• [What to do]: Using the data below, transcribe exactly everything from the line that contains "大家好,小生來為大家講解下?" down to the line that contains "The SMARTOSCOPE VARIO". Include both of those lines and none of the pictures.

• [Input for this task]:
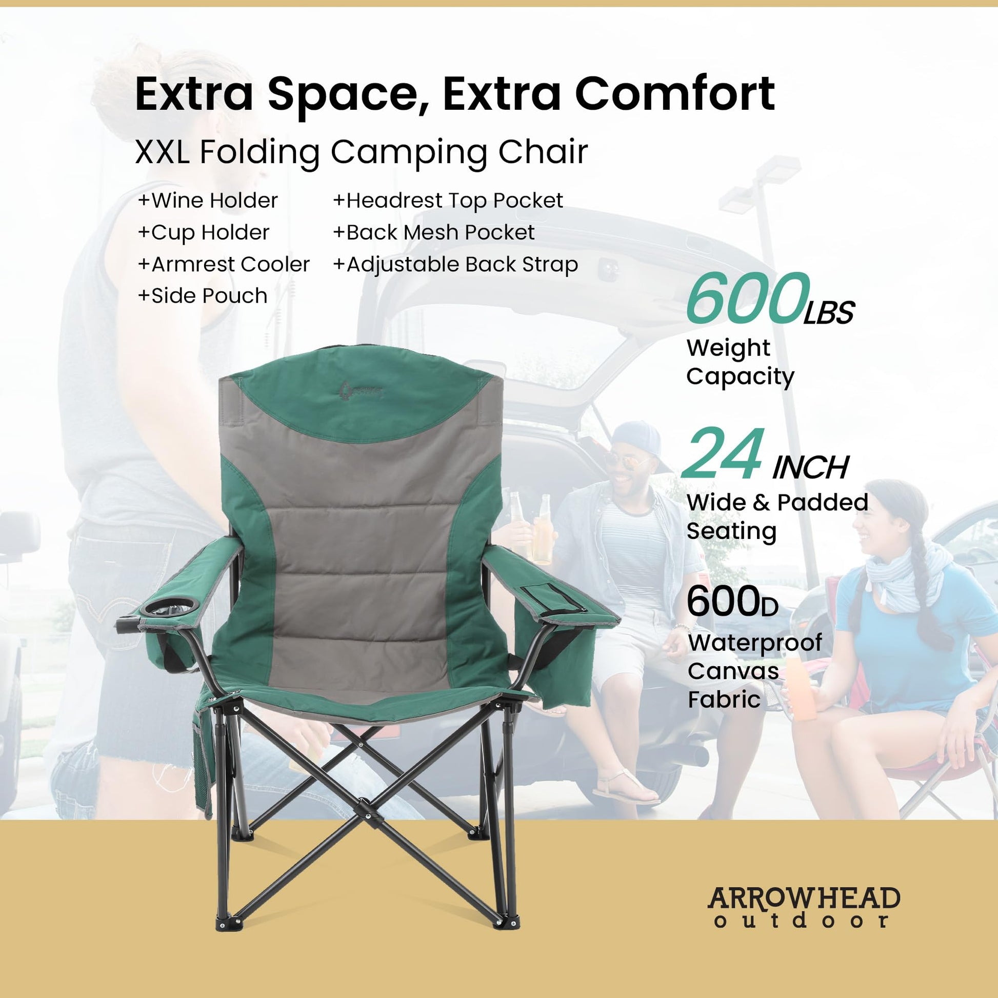 ARROWHEAD OUTDOOR Oversized XXL Portable Folding Camp Chair w/Glass & Cup Holders, Armrest Cooler, Heavy Duty Carry Bag, 600 lbs Weight Capacity
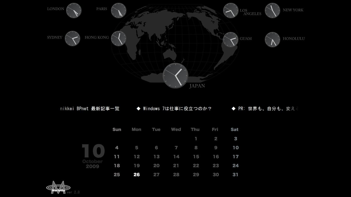 現在時刻はもちろん、世界の時刻、カレンダー、さらにはRSS配信も見ることができるという高機能型。しかしこれもこちらの環境ではry
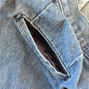 Vintage classic denim pencil skirt with 4-pocket design. Button and fly closure. Back pockets have zippers.
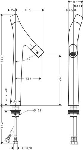 hansgrohe AXOR Starck Organic 2-handle washbasin mixer 240, without drawbar, for wash basins
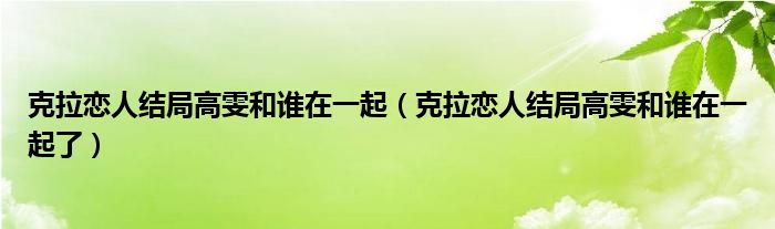 大家好,小生來為大家講解下??死瓚偃私Y(jié)局高雯和誰在一起,克拉戀人結(jié)局高雯和誰在一起了很多人還不知道,現(xiàn)在讓我們一起來看看吧!
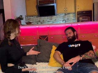 Anal creampie with muscle stud's jizz in ass, muddy gal's
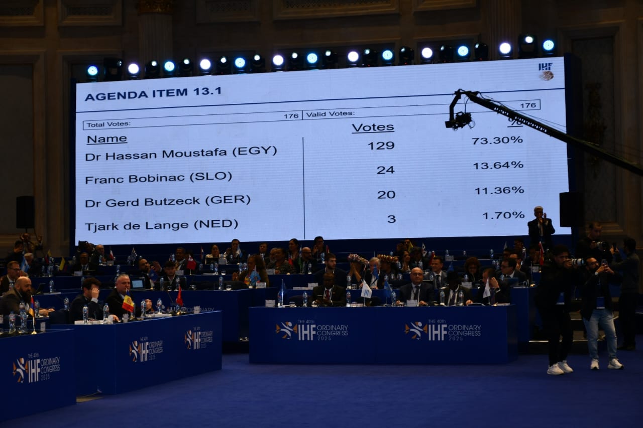 حسم الدكتور حسن مصطفى، رئيس الاتحاد الدولي لكرة اليد، سباق رئاسة الاتحاد الدولي بعد حصوله على 129 صوتا من إجمالي أصوات الجمعية العمومية، متفوقا على منافسيه الثلاثة، حيث حصل فرانك بوبيناك مرشح سلوفينيا على 24 صوتا، وجيرد بوتزيك مرشح ألمانيا على 20 صوتا، بينما نال تجارك دي لانج مرشح هولندا 3 أصوات، ليحصد حسن مصطفى الأغلبية المطلوبة ويواصل قيادته للعبة عالميا، ويستعرض تحيا مصر التفاصيل.
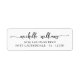 Elegante, moderne Rücksendeadressen-Aufkleber mit Schwarz-Weiß-Schrift. Mit einer hübschen, handgeschriebenen Skriptnamensvorlage mit kursivem Swash Schwanz Schriftart. Einfach mit Ihrem Namen und Ihrer Rücksendeadresse zu personalisieren.
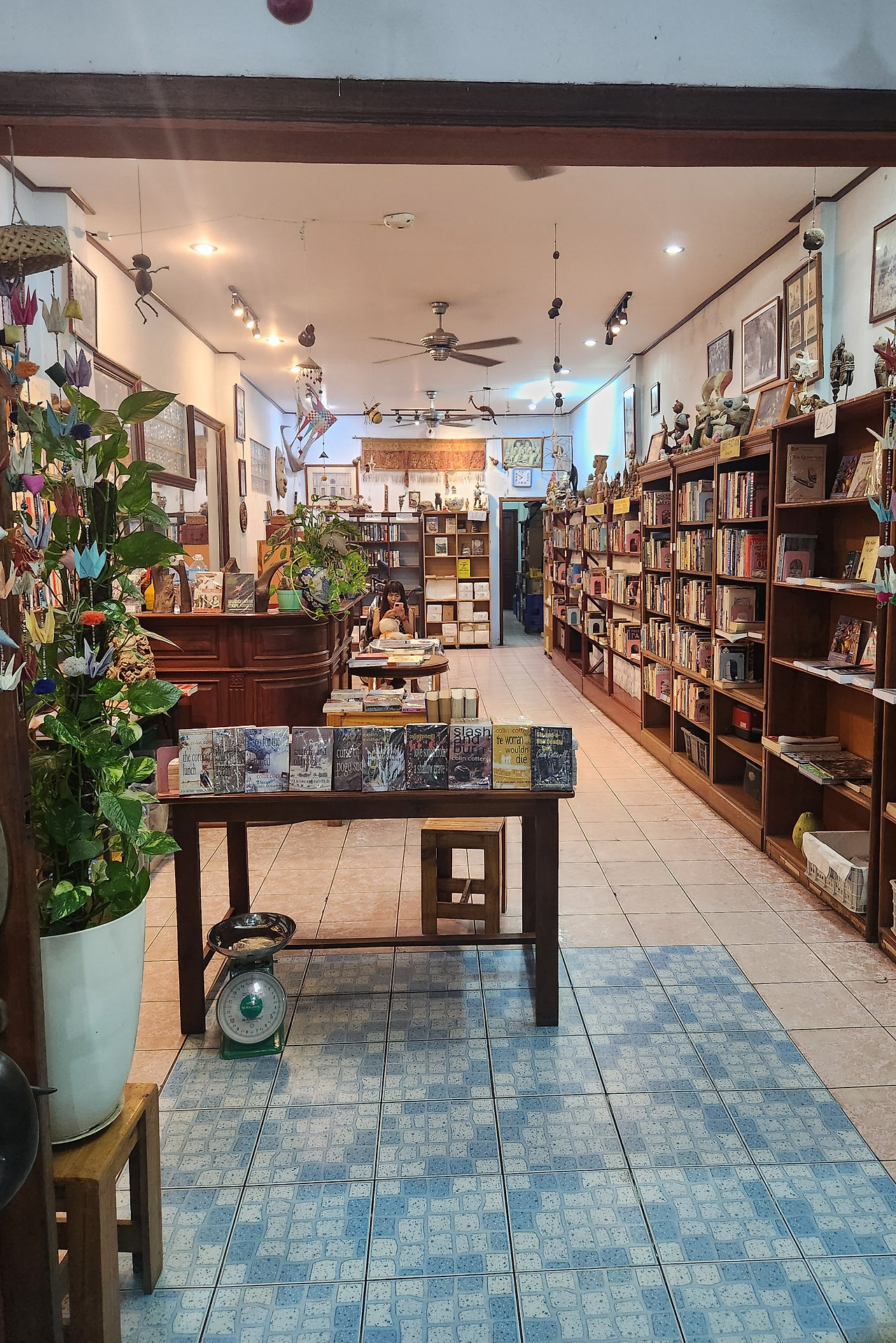 식사를 마치고 도가니국수 가게 맞은편에 있는 서점을 구경했다. 라오스 여행, 라오스의 역사와 관련된 로컬 서적과 라오스를 찾은 여행자가 떠나기 전 남긴 듯한 영어, 프랑스어, 독일어 등으로 쓰인 중고외서가 대부분이었다. 한국어로 쓰인 책이나 내가 읽을 수 있는 책은 없어서 그저 둘러보기만 했다.
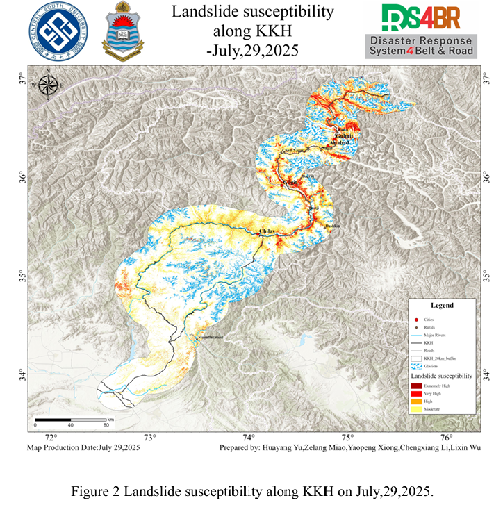 从易发性结果可以看出,沿 KKH 穿越的Chilas-Gilgit路段、Attabad周边区域 、Gulmit以北段等高易发性路段应被视为重点风险区段,需重点关注在降雨过程中与雨后的高陡切坡、泥石流等灾害。
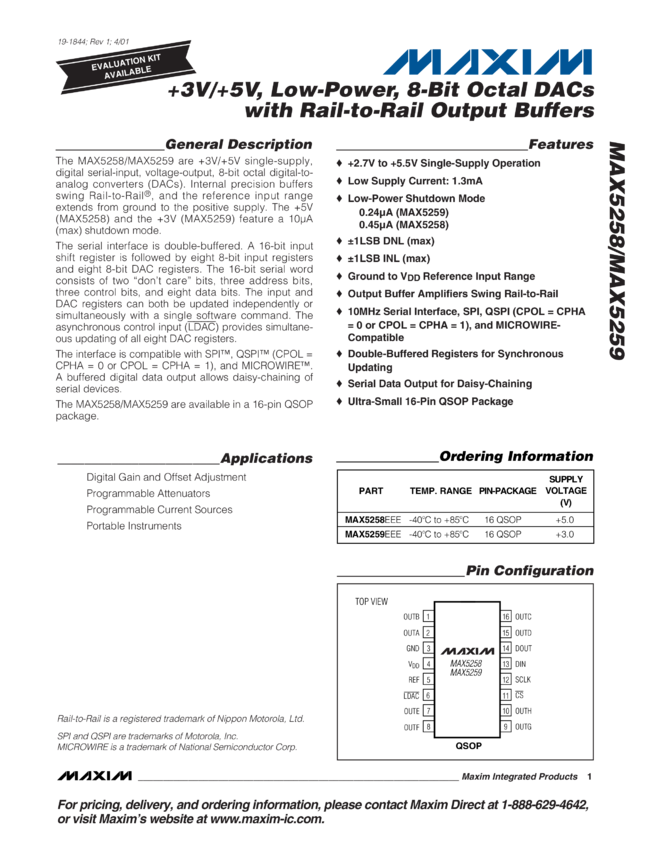 MAX5258, MAX5259 +3V/+5V, Low-Power, 8-Bit Octal DACs with Rail-to-Rail Output Buffers
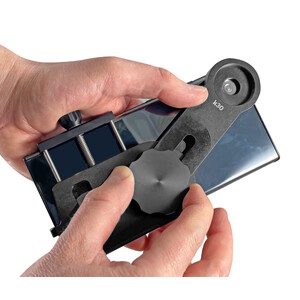 The SMARTOSCOPE VARIO II adaptor can accommodate most smartphone models of all brands, even if the phone is still in a dust cover. Large and small smartphones are attached to the adaptor with an adjustable clamp mount.
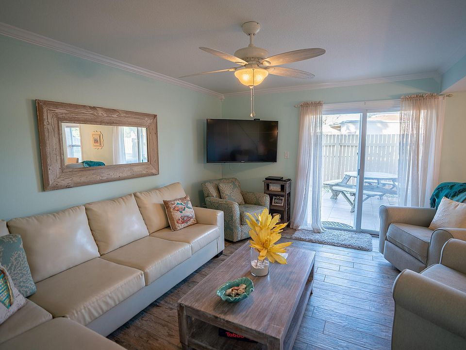 CURRENTLY UNDER CONTRACT. SELLER IS ACCEPTING BACKUP OFFERS'. This fully renovated and upgraded condo located in Horizon South is a must see!! Horizon South is a gated community on the West end of Panama City Beach with numerous amenities and deeded access to the beach. Enter the foyer on to a beautiful custom design mosaic tile floor. The charming kitchen, den/dining and all bedrooms have wood look ceramic tile floors and crown molding. cabinets with breakfast bar. Exit the den through upgraded sliding glass doors on to a private tiled patio with privacy fence. Located also on the ground floor is a laundry room, half-bath and inside under the stairs storage closet.
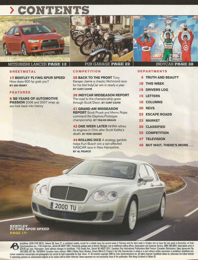 Reviews AUTOWEEK 2008 JULY 07 - RALLIART, FLYING SPUR, THRIFT-T, K BUSH, SCOTT DIXON
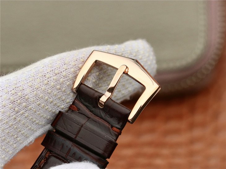 Черный кожаный ремешок с простым (с помощью шипа) стальным полированным замком Patek Philippe. Система быстрой смены ремешка. |
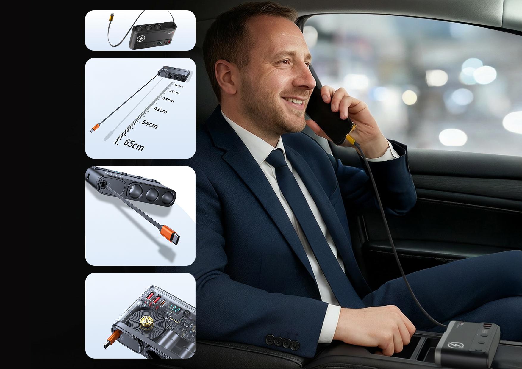 Rozdělovač R10 od společnosti Xblitz byl navržen s ohledem na uživatelský komfort. Zatahovací kabel USB-C o délce 65 cm zaručuje volnost při připojování zařízení bez zamotaných drátů nebo potřeby dalších kabelů. To usnadňuje organizaci prostoru v autě a umožňuje pohodlné používání rozbočovače jak pro řidiče, tak pro cestující

• [Answer for this exercise]:
 大家好,小生來為大家講解下??死瓚偃私Y(jié)局高雯和誰在一起,克拉戀人結(jié)局高雯和誰在一起了很多人還不知道,現(xiàn)在讓我們一起來看看吧!
 Anal creampie with muscle stud's jizz in ass, muddy gal's
 حسم الدكتور حسن مصطفى، رئيس الاتحاد الدولي لكرة اليد، سباق رئاسة الاتحاد الدولي بعد حصوله على 129 صوتا من إجمالي أصوات الجمعية العمومية، متفوقا على منافسيه الثلاثة، حيث حصل فرانك بوبيناك مرشح سلوفينيا على 24 صوتا، وجيرد بوتزيك مرشح ألمانيا على 20 صوتا، بينما نال تجارك دي لانج مرشح هولندا 3 أصوات، ليحصد حسن مصطفى الأغلبية المطلوبة ويواصل قيادته للعبة عالميا، ويستعرض تحيا مصر التفاصيل.
 Elegante, moderne Rücksendeadressen-Aufkleber mit Schwarz-Weiß-Schrift. Mit einer hübschen, handgeschriebenen Skriptnamensvorlage mit kursivem Swash Schwanz Schriftart. Einfach mit Ihrem Namen und Ihrer Rücksendeadresse zu personalisieren.
 식사를 마치고 도가니국수 가게 맞은편에 있는 서점을 구경했다. 라오스 여행, 라오스의 역사와 관련된 로컬 서적과 라오스를 찾은 여행자가 떠나기 전 남긴 듯한 영어, 프랑스어, 독일어 등으로 쓰인 중고외서가 대부분이었다. 한국어로 쓰인 책이나 내가 읽을 수 있는 책은 없어서 그저 둘러보기만 했다.
 从易发性结果可以看出,沿 KKH 穿越的Chilas-Gilgit路段、Attabad周边区域 、Gulmit以北段等高易发性路段应被视为重点风险区段,需重点关注在降雨过程中与雨后的高陡切坡、泥石流等灾害。
 MAX5258, MAX5259 +3V/+5V, Low-Power, 8-Bit Octal DACs with Rail-to-Rail Output Buffers
 The SMARTOSCOPE VARIO II adaptor can accommodate most smartphone models of all brands, even if the phone is still in a dust cover. Large and small smartphones are attached to the adaptor with an adjustable clamp mount.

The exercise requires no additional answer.